• [Task prompt]: In the listing below, find each line holding "members" and copy it.

• [Source data]:
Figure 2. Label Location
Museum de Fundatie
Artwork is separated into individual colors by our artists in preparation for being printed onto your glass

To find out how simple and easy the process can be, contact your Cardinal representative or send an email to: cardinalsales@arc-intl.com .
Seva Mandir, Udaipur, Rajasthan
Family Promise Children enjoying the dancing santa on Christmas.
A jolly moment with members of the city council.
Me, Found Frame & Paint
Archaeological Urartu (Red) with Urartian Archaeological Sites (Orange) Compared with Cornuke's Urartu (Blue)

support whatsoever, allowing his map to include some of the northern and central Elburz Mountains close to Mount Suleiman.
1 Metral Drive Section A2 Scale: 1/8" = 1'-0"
==
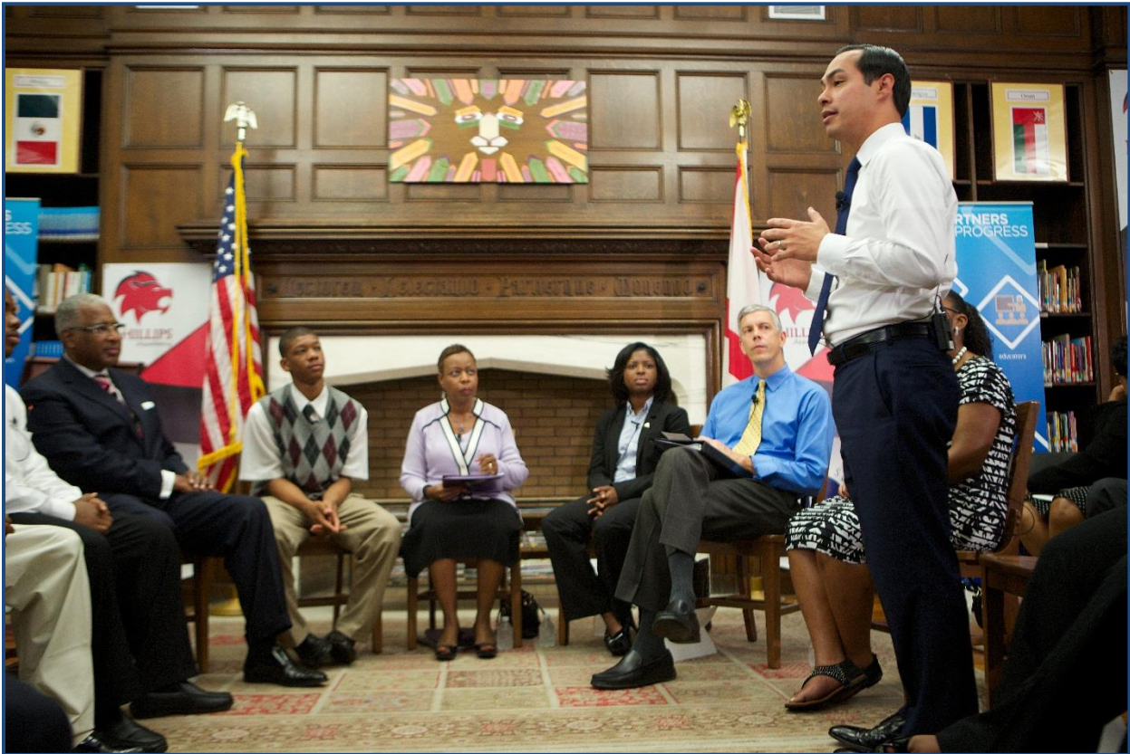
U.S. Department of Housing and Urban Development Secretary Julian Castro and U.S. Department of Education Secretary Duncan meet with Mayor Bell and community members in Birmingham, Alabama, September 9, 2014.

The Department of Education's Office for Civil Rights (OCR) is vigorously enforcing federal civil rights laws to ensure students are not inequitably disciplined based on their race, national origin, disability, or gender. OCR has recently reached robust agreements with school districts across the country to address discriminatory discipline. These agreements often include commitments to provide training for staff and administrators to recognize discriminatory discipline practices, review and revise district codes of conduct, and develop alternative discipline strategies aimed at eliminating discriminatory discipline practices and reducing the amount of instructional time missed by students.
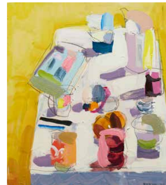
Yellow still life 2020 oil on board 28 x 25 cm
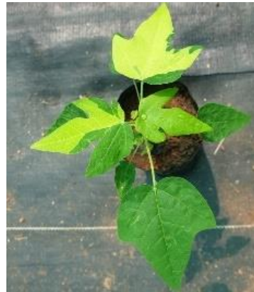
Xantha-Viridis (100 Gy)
---
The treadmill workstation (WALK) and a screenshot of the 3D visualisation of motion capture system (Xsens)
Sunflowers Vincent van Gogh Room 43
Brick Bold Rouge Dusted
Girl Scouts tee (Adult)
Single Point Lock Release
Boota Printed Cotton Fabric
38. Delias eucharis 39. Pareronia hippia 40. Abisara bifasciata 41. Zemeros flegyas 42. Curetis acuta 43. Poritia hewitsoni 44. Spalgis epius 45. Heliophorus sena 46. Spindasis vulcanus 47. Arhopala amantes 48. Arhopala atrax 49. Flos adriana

• [Solved exercise]:
A jolly moment with members of the city council.
U.S. Department of Housing and Urban Development Secretary Julian Castro and U.S. Department of Education Secretary Duncan meet with Mayor Bell and community members in Birmingham, Alabama, September 9, 2014.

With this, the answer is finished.